Магдалина закраснелась, подала ему руку и сказала: — Пойдем к батюшке.
Старик встретил их, улыбаясь:
"Я уже давно предвидел это, — сказал он, — видно, божья воля, прибавил он со вздохом, — бог да благословит вас, дети; искусство вас соединило: пусть оно будет крепкою связью для всего вашего существования.
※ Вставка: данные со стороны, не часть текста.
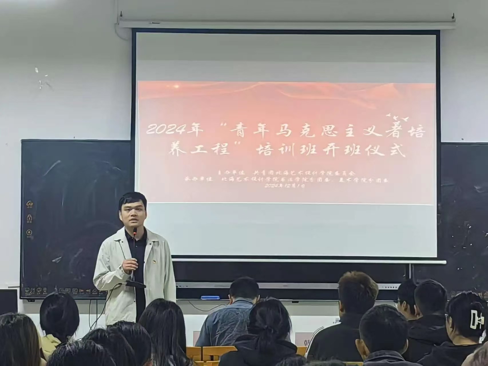 为深入贯彻习近平新时代中国特色社会主义思想,进一步加强对青年大学生的思想政治引领,使各位青马学员成长为中国特色社会主义事业奉献的合格建设者和可靠接班人。12月1日,由书法学院与美术学院联合举办的2024-2025学年“青年马克思主义者培养工程”培训班开班仪式在西校区艺术楼314顺利举行。

Но только, Себастиян, не слишком прилепляйся к пению; ты слишком часто поешь с Магдалиною: голос исполнен страстей человеческих; незаметно — в минуту самого чистого вдохновения — в голос прорываются звуки из другого, нечистого мира; на человеческом голосе лежит еще печать первого грешного вопля!.. Орган, тебе подвластный, не есть живое орудие; но зато и непричастен заблуждениям нашей воли: он вечно спокоен, бесстрастен, как бесстрастна природа; его ровные созвучия не покоряются прихотям земного наслаждения; лишь душа, погруженная в тихую, безмолвную молитву, дает душу и его деревянным трубам, и они, торжественно потрясая воздух, выводят пред нею собственное ее величие…".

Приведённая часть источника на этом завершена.